“Claire.” Kane fumbles with his restraints and manages to get free to kneel next to my chair.
He sucks in a breath sharply at the sight of my arm. I can’t look at it, but it must be bad if he can tell just by looking.
I hold my good hand up, my broken arm protectively against my belly. Cold sweat breaks out over my skin with the movement. “I’m fine.”
A lie I promptly prove by leaning over and vomiting all over my bridge.
“No navigation. No comms. Limited life support and supplies. Maybe we should have just stayed on theAurora. Dying would have been quicker.”
I’m talking mainly to distract myself from Kane splinting my arm. After helping me out of the chair and moving me to the galley, where I can sort of lie down on one of the bench seats, Kane gave me an injection of something. But whatever it was, it’s not enough.
He’s gentle, but I’m gritting my teeth against the pain.
At least the smoke has cleared, and so far, our battered hull seems to be holding. The two Tratorelli sculptures are in heavy marble chunks on the floor where they fell, and the emergency beacon is tipped over onto its side. In any other circumstance, a damage assessment would be a top priority, but right now, I’m not sure if there’s a point.
“No,” Kane says to me, his brow furrowed with concentration as he wraps a stabilizing bandage around my arm. “At least here, we have a chance.” He looks up at me. “You did the right thing.”
His words tear a hole right through me, right through any defenses I have left.
“I’m sorry,” I blurt. “I’m sorry for dragging us into this. I’m sorry for leaving. I don’t even know why I did. Why didn’t I bring you and Ny with me on the escape pod? Or each of us in our own, I don’t… I just don’t understand.” I shake my head in frustration. “I don’t remember.”
His movements slow and then stop. “You didn’t drag any of us into it. We all agreed, remember?” Apparently he does. That part, at least.
“Over objections,” I remind him.
“When has any group of five people agreed to do anything without objections?” he points out.
“Still, I’m responsible, I shouldn’t have—”
“Claire, I don’t mean this in a cruel way, but you’re not that good of a team leader,” he says, a tired smile flickering at the corners of his mouth. “If we hadn’t thought the risk was worth it, we wouldn’t have gone. Period. Each of us had our reasons.”
“But I left.”
“You did? I don’t… None of it seems real.” He pauses, pain flashing across his face. I don’t know who he’s remembering, Lourdes, Voller, or Nysus. But it’s someone we’ve lost. “It was, though?”
I nod and then clear my throat to say, “Yes. It was real.”
He’s quiet.
“A ship found me in one of the escape pods from theAurora,a little over two months ago. The last thing I remember is waking up on the bridge next to Lourdes’s…” I can’t say it. “Next to Lourdes,” I finish. “I don’t even remember leaving.” Shame wells in me at the confession. “I had a skull fracture, but it’s healed, I should be able to remember, but I can’t. That time is just… gone.”
He resumes wrapping my arm. “And you think you left us to die. That you ran to save yourself. And you blocked the memory because of that.”

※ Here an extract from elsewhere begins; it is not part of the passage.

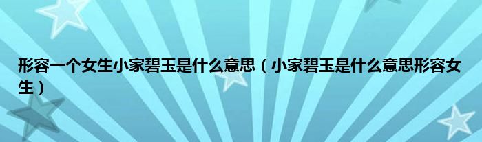 大家好,小常来为大家解答以上问题。形容一个女生小家碧玉是什么意思,小家碧玉是什么意思形容女生很多人还不知道,现在让我们一起来看看吧!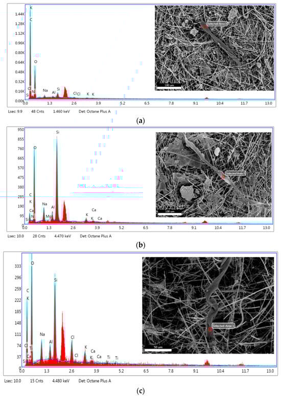 The primary constituents for micro-fragments detected in Venice-Lido port inlet (Figure 6a,b) and Grand Canal at the Rialto Bridge water samples (Figure 6c) are carbon 16.45–62.83 wt. % and oxygen 32.51–47.78 wt.%. The micro-fragments detected in the Saint Marc basin water sample (Figure 6e,f) are characterized by 31.01–41.85 wt.% carbon, 42.32–39.28 wt.% oxygen, and 3.69–9.83 wt.% silicon.

A tear leaks out from one of my eyes, and I turn away so he doesn’t see. “Yes.”
He makes a thoughtful noise. “Has it dawned on you yet that you probably left to save us? To get help?”
I lurch upward, or try to. He puts a hand on the center of my chest to push me flat. “Why didn’t I take you and Nysus with me, then?” I demand. “We all could have fit, easily.”
He’s silent for a long moment, and I feel a surge of gritty satisfaction. Finally, he believes who I am.
“I don’t remember everything,” he says finally.
And the little bit of hope left in me dies, turns to ash.
“But I know at that point it would have been hard to tell which situation was riskier,” he says. “The ship with food, oxygen, water, and functioning engines, or a twenty-year-old escape pod with limited capabilities and supplies, and no maintenance for more than two decades?”
As soon as he says it, I can see his logic. I can almost hear the discussion. In my mind, I would have been the logical one to take the risk and go for help, the one without the technical or mechanical know-how needed to keep theAurora(mostly) functional until help arrived. I would have argued for that.